Cas reverently picks up every single shell on the beach and muses about what type of crab previously inhabited it while Dean is continually amazed by just how many stingrays and jellyfish the tide's brought in.
Then, as the sky steadily becomes a sea of orange and pink, Dean slows down and starts wiggling his toes in the goopy sand on the shoreline as the surf washes over his feet, watching as Cas does the same.
They stare out into the horizon together, and Cas wordlessly takes his hand.
They're quiet for a long time. Then Cas' thumb rubs slowly across his knuckles as their knees knock. He draws in a deep breath and Dean knows, suddenly, that he's not the only one that's been holding back.
"Dean...do you ... do you know why I did what I did?"
Dean laughs breathily. Of course he fucking knows.
But an anger he thought he'd let simmer down boils back up, "Well, for one thing, you're a goddamn idiot. How...how could you do that, Cas? How? You didn't know it was going to work. You didn't have a clue what was going to happen to you. And even if you did, well, you know..."
He waves vaguely to all of Cas with his free hand.
"I do," Cas lifts their hands up and brushes his lips across their joint knuckles. "But ..."
Dean huffs. "But...but you love me."
"Yes. Why are you so afraid of that?" Cas asks.
There are so many answers to that question, Dean doesn't know where to begin. So he gives Cas the simplest, "Because I'm an idiot."
He digs his toes into the sand before threading his fingers through Cas' hair and tugging him forward.

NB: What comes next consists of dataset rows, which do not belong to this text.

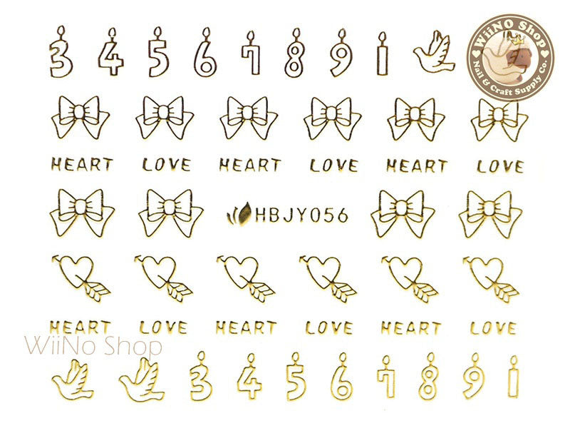 HBJY056 Gold Heart and Candles Nail Sticker Nail Art - 1 pc
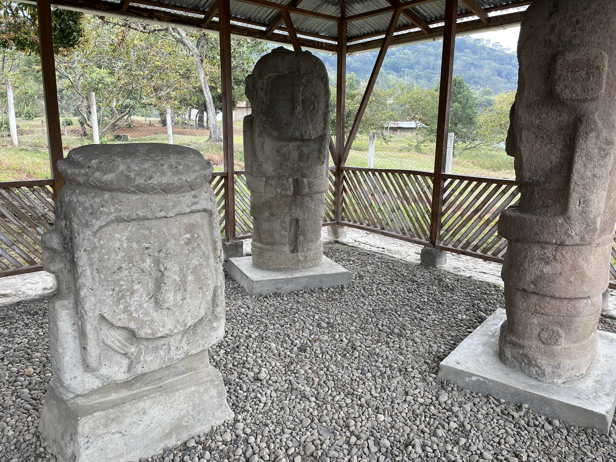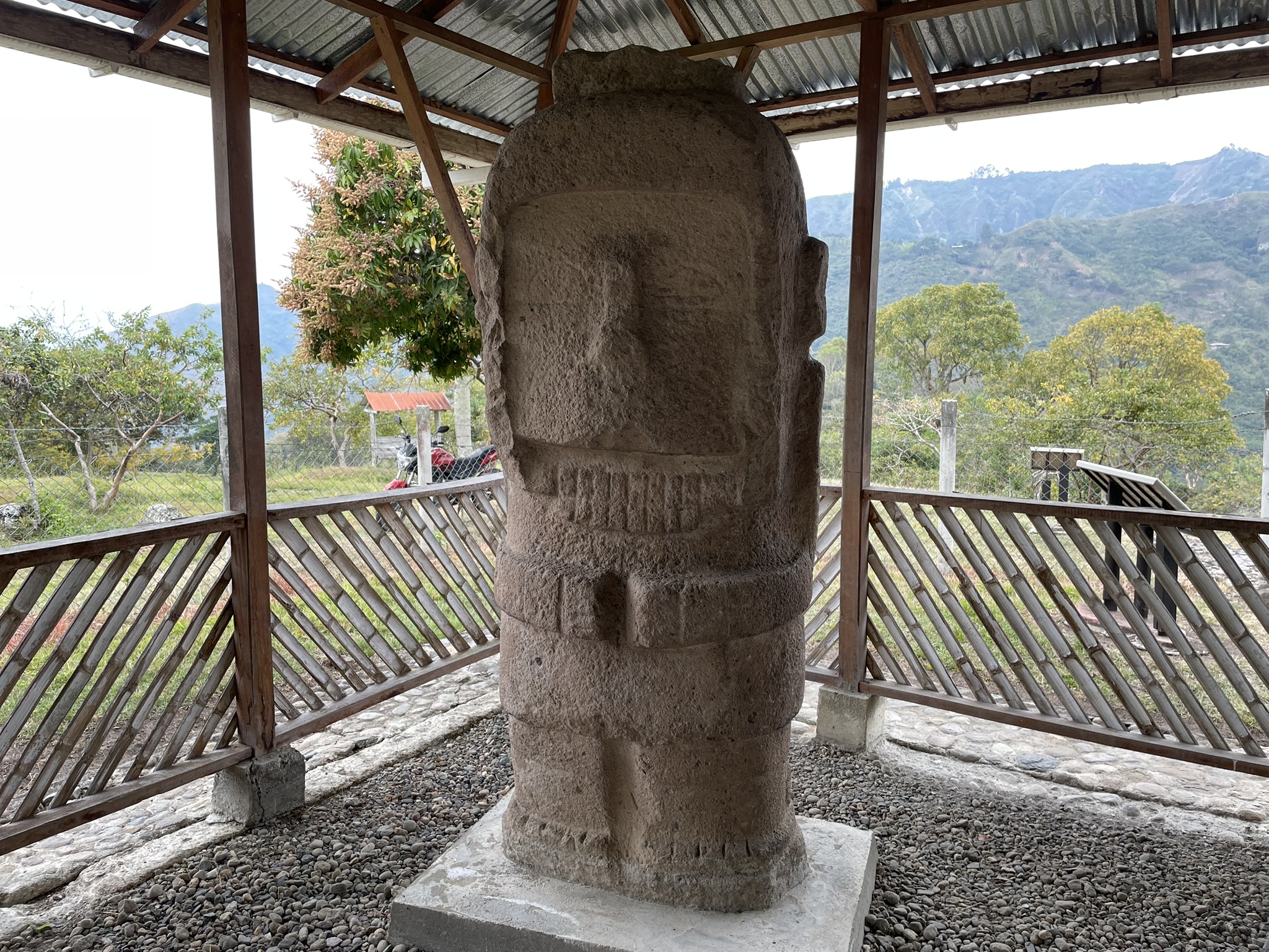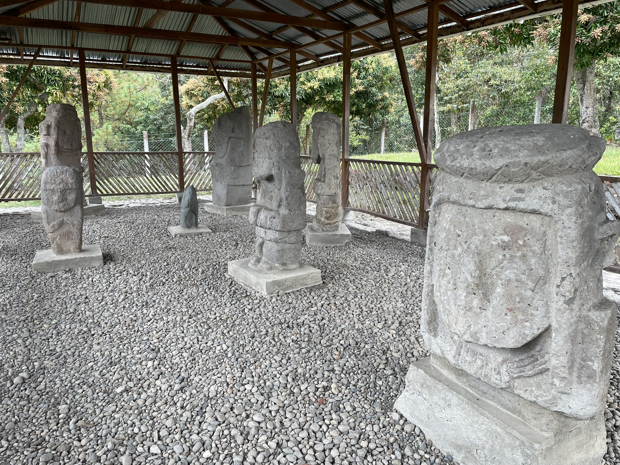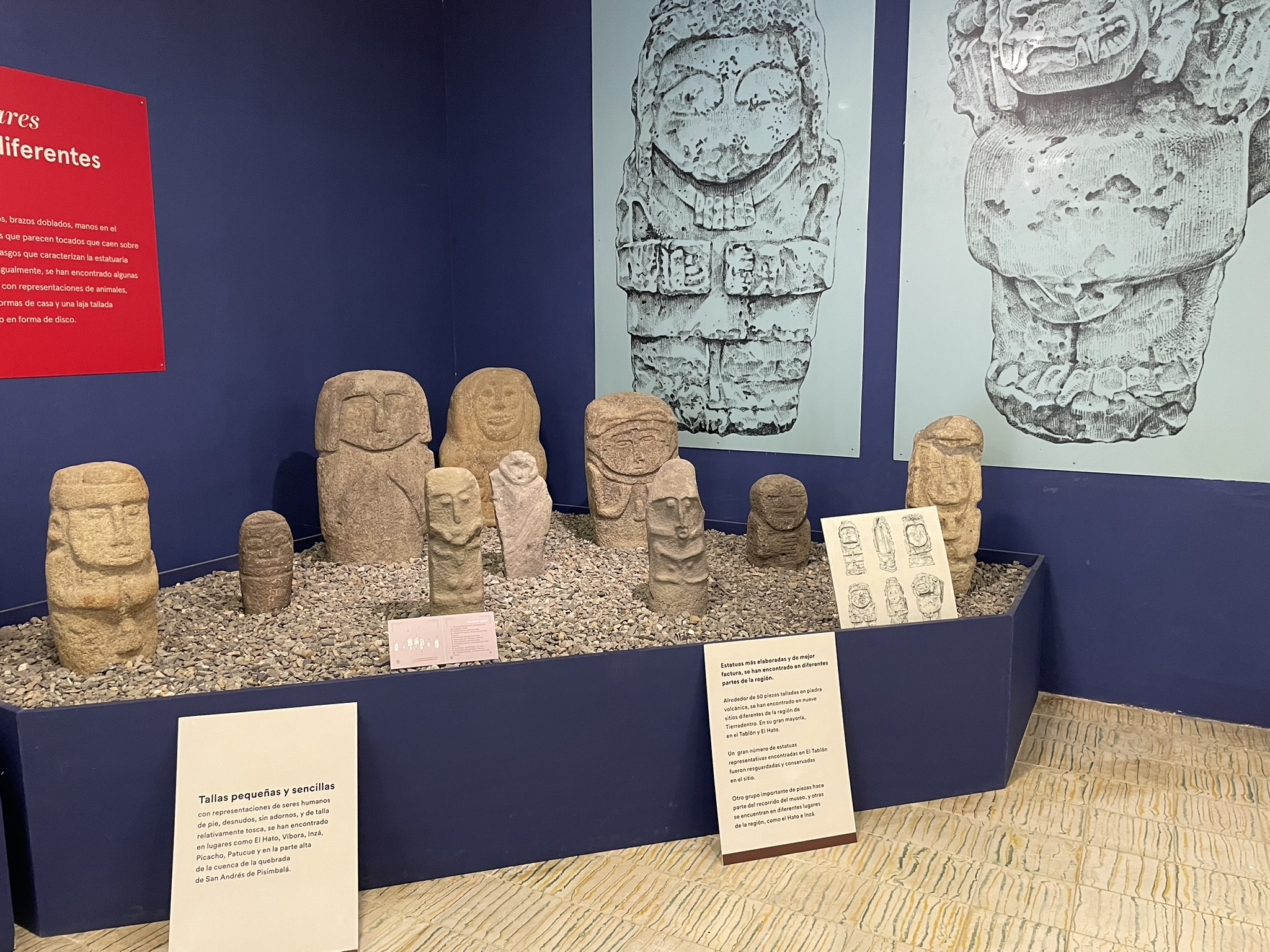 En el Tablón se encuentran expuestas nueve estatuas en piedra con representaciones de figuras humanas y animales, con formas, dimensiones y rasgos diferentes, que tal vez representan personajes importantes como dignatarios, sacerdotes, guerreros o seres mitológicos. Tienen una unidad estilística que las distingue y que se clasifican básicamente en dos grupos: El primero comprende estatuas pequeñas y sencillas de talla relativamente tosca que representan seres humanos desnudos y casi sin adornos; y el segundo estatuas talladas de manera más cuidadosa y detallada, con figuras de más de dos metros de alto, por lo general de personajes vestidos.
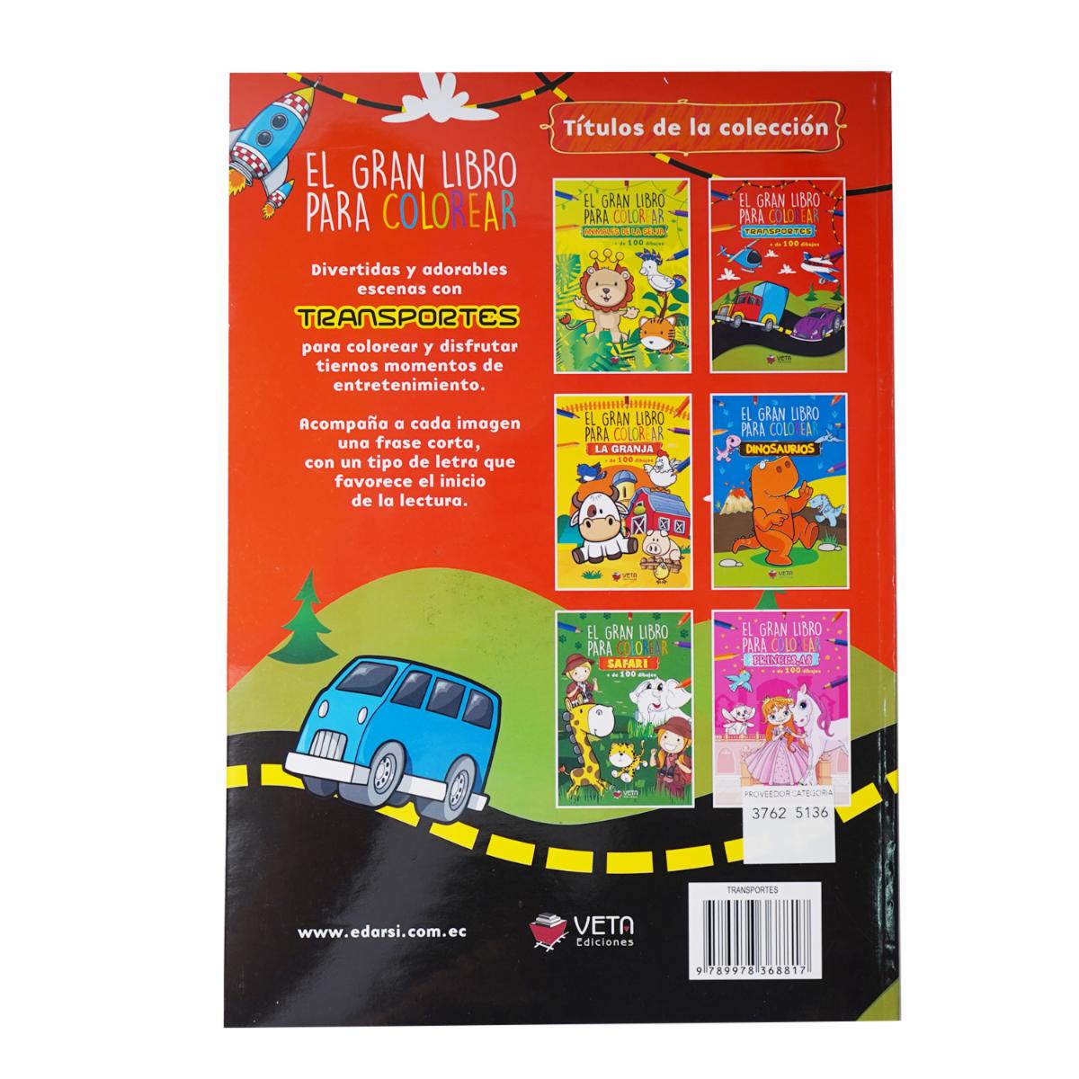 Libro Trasnortes Gran Libro Para Colorear VETA EDICIONES 96 Páginas

Their lips slide messily and his breath hitches as Cas starts to pull him down to the sand.
And... he panics.
"Cas, we're not...not, um, because...Christ..." Dean sputters as he scrabbles to stand back up. "Sharks. There's...there's sharks out."
Cas' hand threads through his hair as his eyes light up in faint amusement. "You're afraid of sharks?"
"Hell yes, I'm afraid of sharks. I've watched shark week. I know how big their teeth are," Dean says. "Are you not afraid of sharks?"
"Dean..."
"Don't answer that."
Cas' hand squeezes his shoulder as he draws them back up. "Let's go back inside. I can see Sam."
"To, uh, to be continued?" Dean asks. "Since I kind of ruined our flow there."
Cas smiles. "To be continued."
XXX
That night, after Sam looks behind the washing machine and notices a stray cord, they peel back enough of the wall to find a well hidden and well timed noise machine from a Halloween shop.
And Dean half expects the woman that hid it there, to scare off potential buyers, to say she would have gotten away with it too if it weren't for those meddling kids.
"And their dog too," Cas adds at the end of Dean's rant. Dean snorts as he noses at Cas' shoulder and lets Cas run his hand through his hair.
"To be clear, I'm not the dog in this scenario. I'm making a reference," Cas says. "Did I do it correctly?"
Chuckling, Dean curls against Cas' side and pulls the covers up over both of them. He finds he's not in a position to care about 'correctly.' Because Cas is still Cas.
And the words he didn't think he was going to say, no matter how much he felt them, startle out of him. "I love you."
Cas smiles more brightly than Dean thinks he's ever seen. "I know."